1 distributed generation resource of table (DG) and the parameter setting of load

Power supply	Capacity	Control mode	Load	Load greatest requirements
					DG1	50kW, 40kVar	PQ	Load1	20kW, 0kVar
DG2	30kW, 0kVar	MPPT	Load2	35kW, 0kVar
					DG3	60kW, 25kVar	PQ	Load3	10kW, 20kVar
DG4	30Ah	V/F	Load4	30kW, 0kVar
					DG5	55kW, 20kVar	PQ	Load5	20kW, 20kVar
DG6	65kW, 30kVar	PQ	Load6	10kW, 10kVar
					DG7	50kW, 0kVar	MPPT	Load7	20kW, 0kVar
DG8	35kW, 0kVar	MPPT	Load8	30kW, 15kVar
					DG9	45kW, 38kVar	PQ	Load9	40kW, 10kVar
DG10	45kW, 0kVar	MPPT	Load10	20kW, 15kVar
					DG11	70kW, 28kVar	PQ	Load11	15kW, 20kVar
DG12	50kW, 0kVar	MPPT	Load12	20kW, 0kVar

For cost of electricity-generating minimum problem, usually, only consider the active power of controllable DG, and without considering photovoltaic, The cost of electricity-generating of wind turbine and reactive power.Under the conditions of not comprising inequality, cost function C_i(p_i) inside cost coefficient a_i, b_iAnd c_iAs shown in table 2：

2 controlled distribution formula power supply cost parameter of table is set

Power supply	ai	bi	c i
				DG1	0.059	6.71	80
DG3	0.047	7.08	56
				DG5	0.066	6.29	43
DG6	0.031	7.53	35
				DG9	0.069	4.57	48
DG11	0.038	5.86	91

The active power of controllable DG is controlled to export using formula (13), its simulation result is as shown in Figures 3 to 5.Fig. 3 The active power and reactive power output that middle #1 is controllable DG, #2 and #3 in Fig. 4 are system frequency and line voltage respectively, Fig. 5 In #4 and #5 be half controllable DG power outputs result and controllable DG incremental costs respectively.
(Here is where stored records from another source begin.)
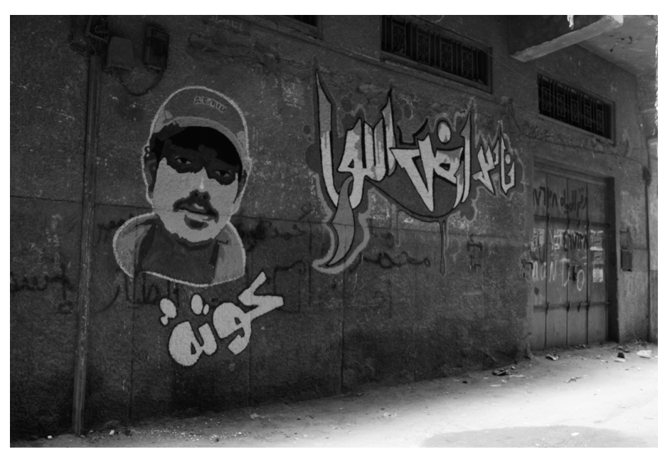
Figure 3. "Nas Ard El Lewa" painted on the wall before the entrance to the graffiti-streets of the Mona Lisa Battalions.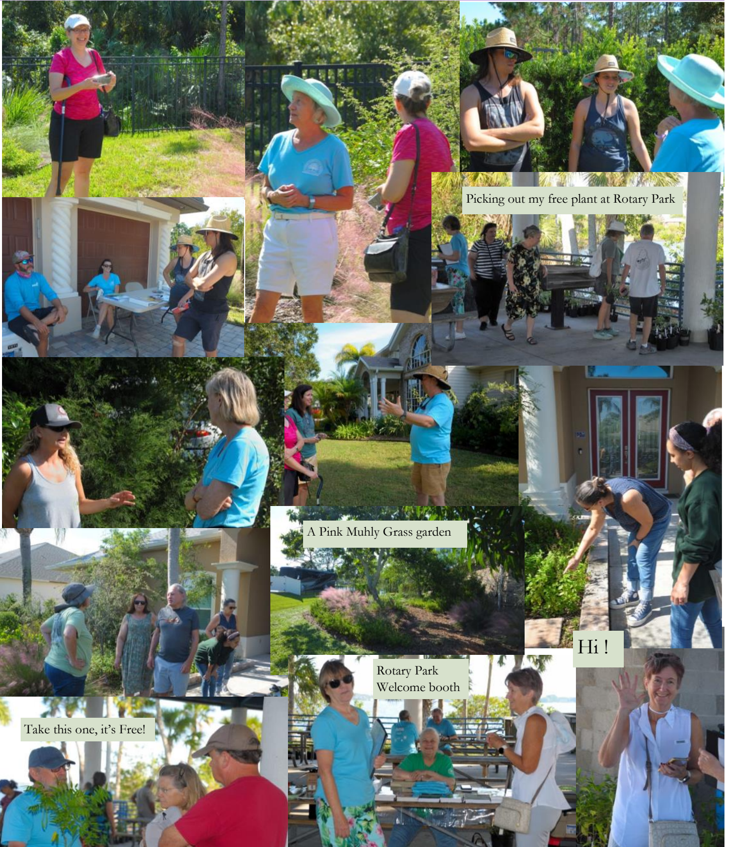
Picking out my free plant at Rotary Park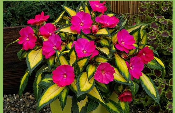
Compact Tropical Rose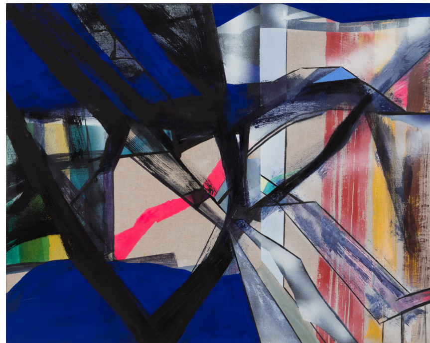
Night Walk , 2018, flashe, ink, spray paint and acrylic on linen, 24 x 30"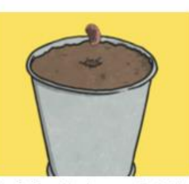
Step 2: Drop the bean seed into the hole vertically.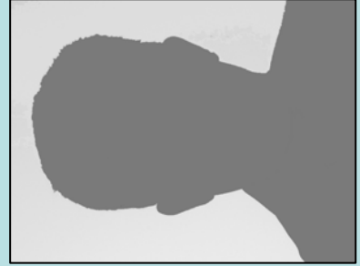
Shabaj 'Baz' Ali Supervisor (temporary) 214 6567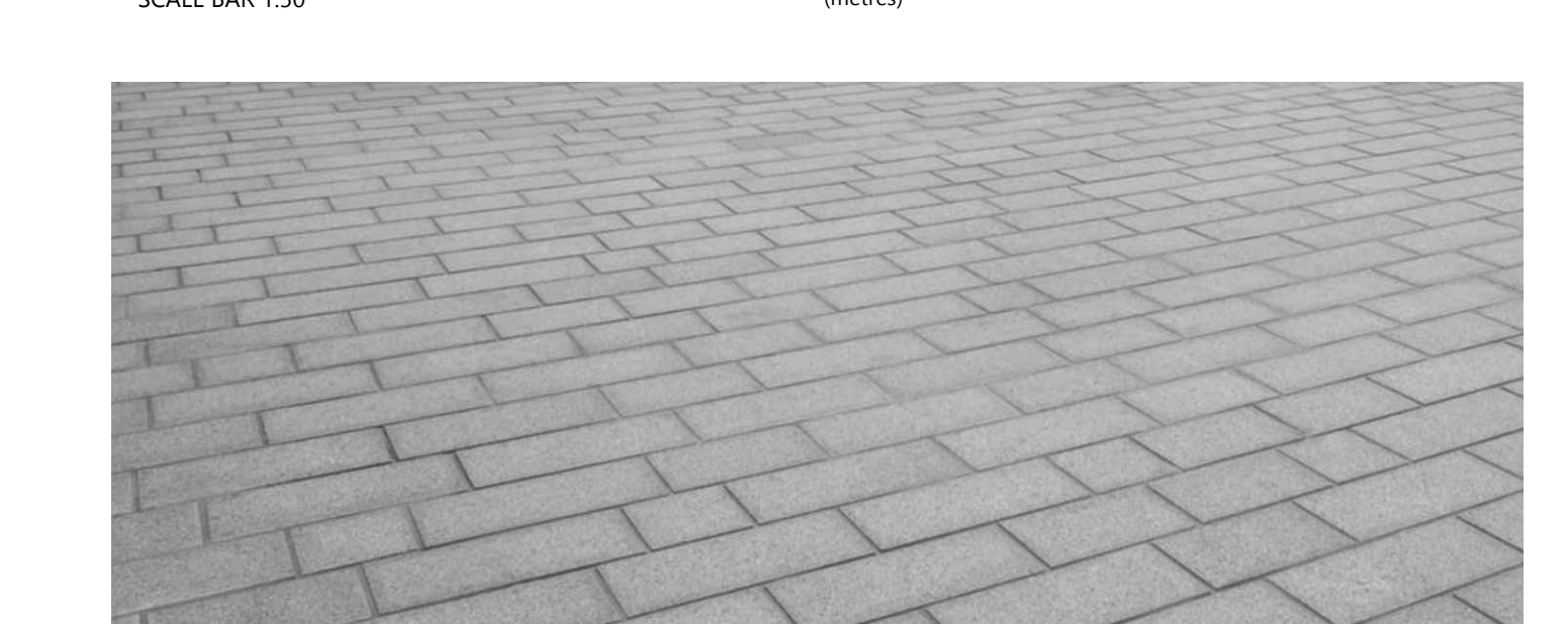
PROPOSED GRANITE DRIVEWAY

Crop marks are visible when the full extent of this drawing is plotted Reference dimensions: 820mm from the crop mark to right of tile block & 570mm between crop marks vertically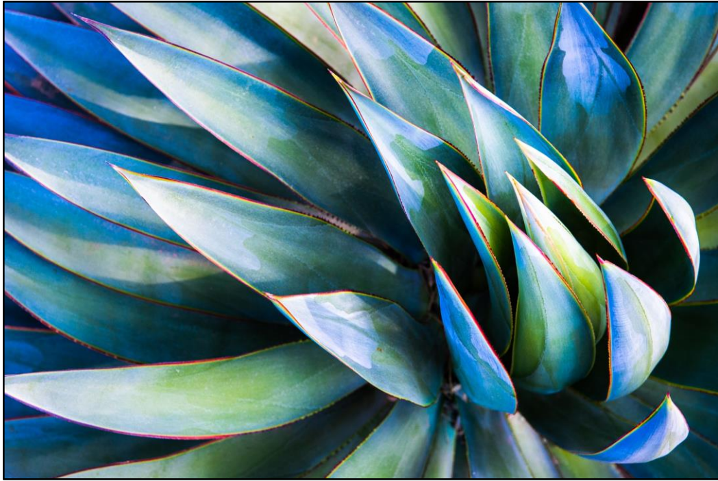
Aloe ♦ Greg Holden

SVPS Annual Competition 2 nd Place – Nature / Flowers – Other than wildlife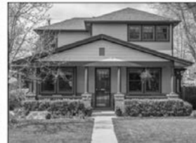
1315 S. SAINT PAUL ST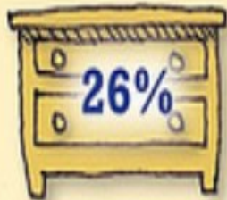
Furniture: dressers, tables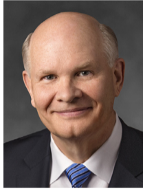
Dale G. Renlund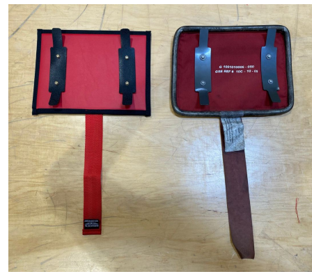
Canadair Challenger 300, 350 APU Intake Cover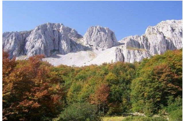
Sirente Velino Regional Park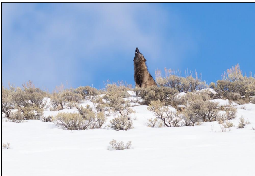
Howling Gray Wolf by Kate Ochsman

Day 1 - Arrival into Bozeman. A quick visit to local feeders in the Bozeman area to see Grey-crowned and Black Rosy Finches, Common Redpoll, Evening Grosbeak, and more! We will also have a short walk through the local Bozeman Cemetery, which is packed with conifers of all sorts. The Cemetery often hosts Red and White-winged Crossbills, both! For a few years, a Great Grey Owl delighted visitors to the adjacent Public Library lawn! Overnight in Livingston.

Under the conditions of comprising inequality, cost function C_i(p_i) inside cost coefficient a_i, b_iAnd c_iAs shown in table 3：

3 controlled distribution formula power supply cost parameter of table is set

Power supply	ai	bi	c i
				DG1	0.059	6.71	80
DG3	0.047	7.08	56
				DG5	0.066	6.29	43
DG6	0.031	7.53	35
				DG9	0.05	4.57	48
DG11	0.038	5.86	91

Control the active power of controllable DG to export using formula (16), that is, carry out economic optimization scheduling, its simulation result As shown in Figure 6 to 8.#1 is that the active power of controllable DG and reactive power export after economic optimization is dispatched in Fig. 6, #2 in Fig. 7 It is system frequency and line voltage after economic optimization is dispatched respectively with #3；In Fig. 8 #4 and #5 be respectively economic optimization scheduling it is later half can Control DG power outputs result and controllable DG incremental costs.

According to simulation result it can be found that designing the weight matrix H in distributed AC servo system rule, it is possible to realize that micro-capacitance sensor is sent out Electric cost minimization.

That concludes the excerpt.